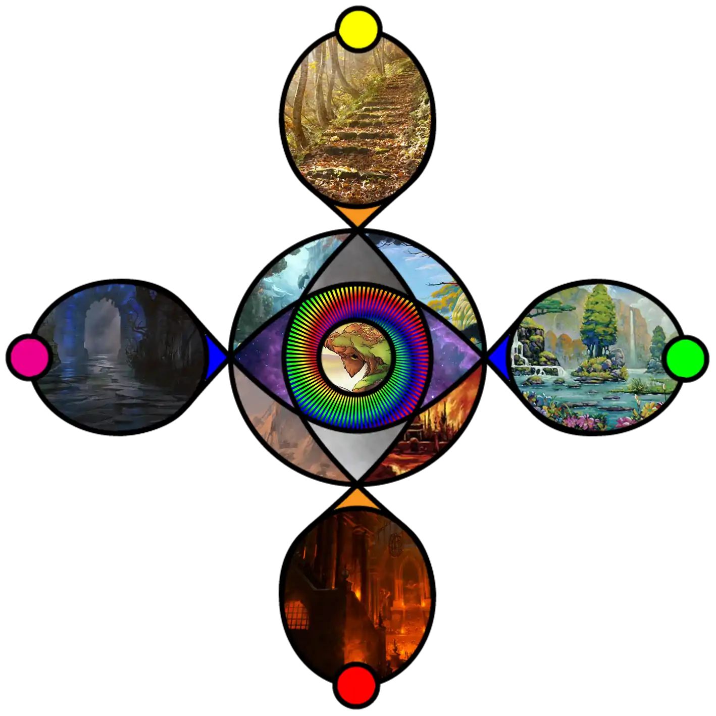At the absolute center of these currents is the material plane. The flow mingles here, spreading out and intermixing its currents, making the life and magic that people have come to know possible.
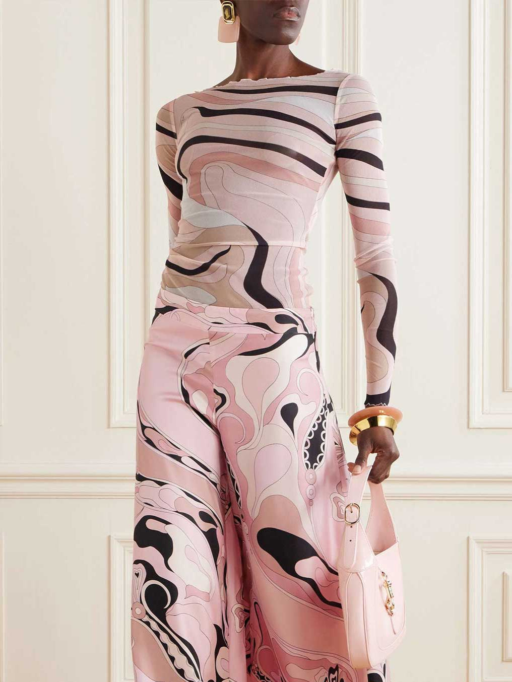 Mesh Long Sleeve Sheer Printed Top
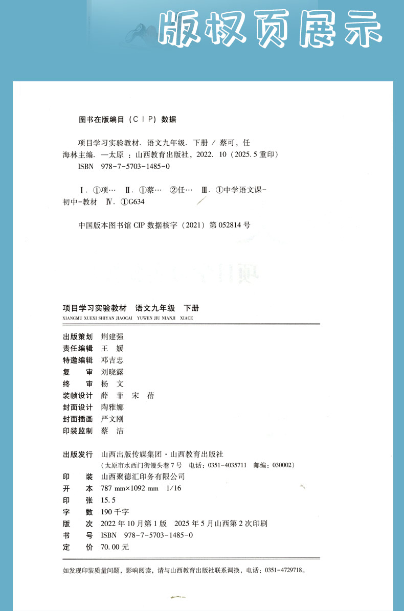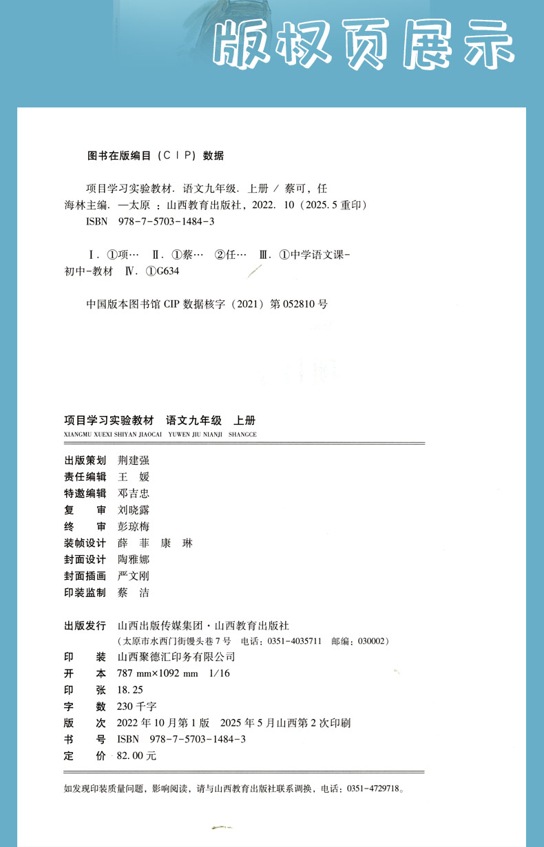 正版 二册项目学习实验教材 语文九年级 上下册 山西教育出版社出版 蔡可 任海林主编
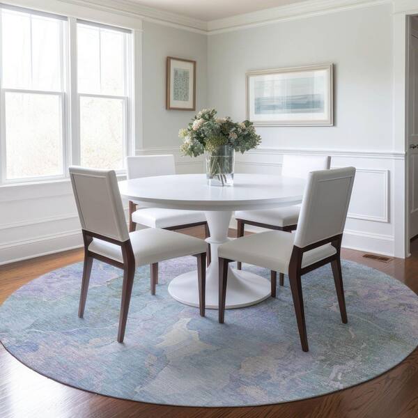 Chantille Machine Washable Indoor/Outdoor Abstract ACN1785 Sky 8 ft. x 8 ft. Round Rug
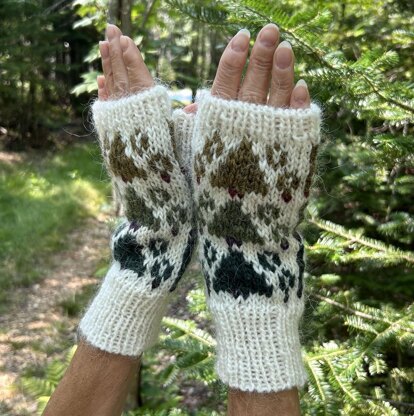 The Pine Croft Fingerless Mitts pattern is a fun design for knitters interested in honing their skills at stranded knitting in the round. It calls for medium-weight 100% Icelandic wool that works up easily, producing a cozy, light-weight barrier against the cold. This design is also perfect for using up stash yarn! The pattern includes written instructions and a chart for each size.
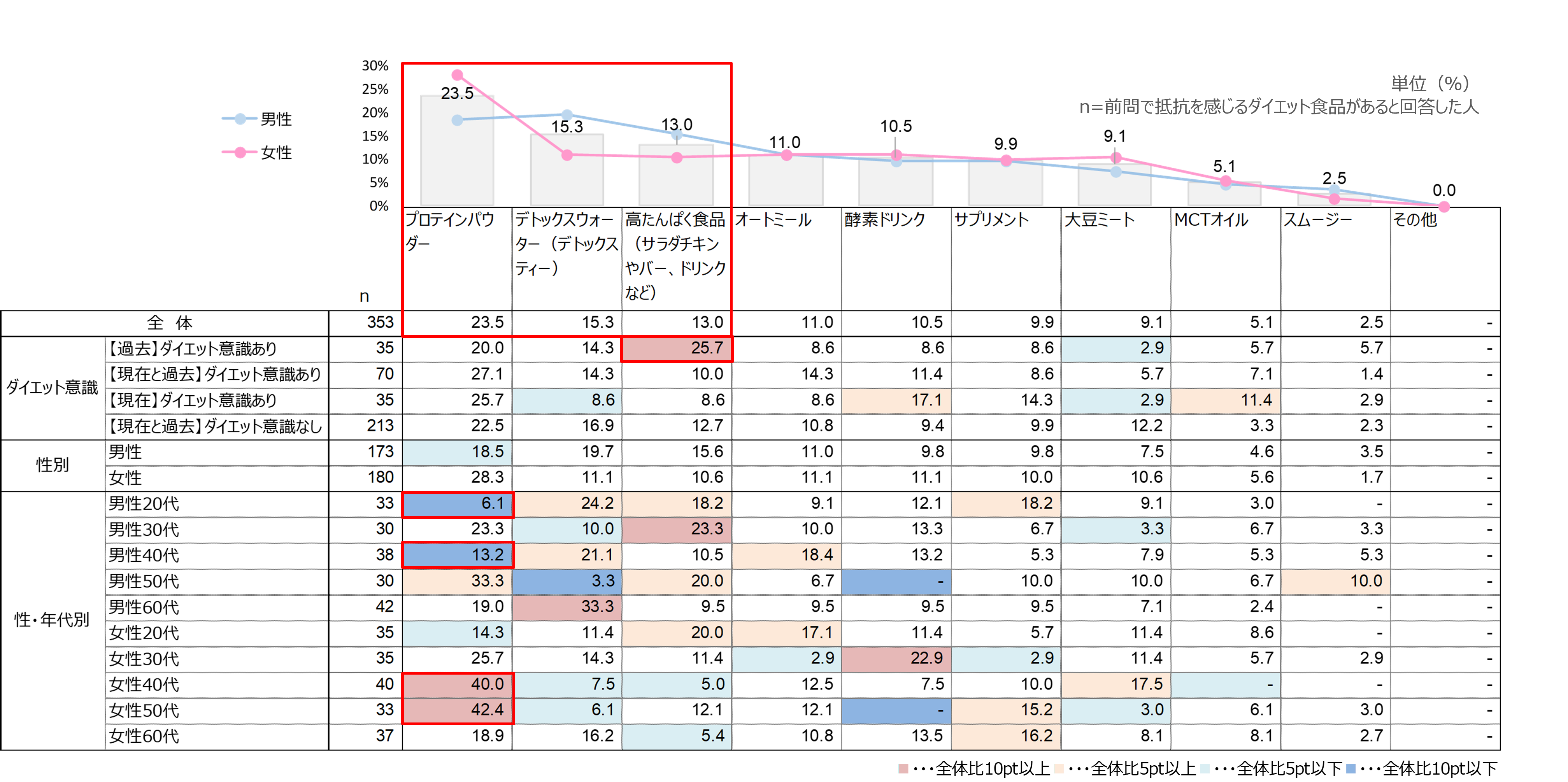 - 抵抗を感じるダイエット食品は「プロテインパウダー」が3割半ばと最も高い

####

== Task details ==
No pictures should appear; only the lines from the first line of the records through the line with "The Pine Croft", both included, are to be restated word for word.

== Problem solution ==
At the absolute center of these currents is the material plane. The flow mingles here, spreading out and intermixing its currents, making the life and magic that people have come to know possible.
 Mesh Long Sleeve Sheer Printed Top
 正版 二册项目学习实验教材 语文九年级 上下册 山西教育出版社出版 蔡可 任海林主编
 Chantille Machine Washable Indoor/Outdoor Abstract ACN1785 Sky 8 ft. x 8 ft. Round Rug
 The Pine Croft Fingerless Mitts pattern is a fun design for knitters interested in honing their skills at stranded knitting in the round. It calls for medium-weight 100% Icelandic wool that works up easily, producing a cozy, light-weight barrier against the cold. This design is also perfect for using up stash yarn! The pattern includes written instructions and a chart for each size.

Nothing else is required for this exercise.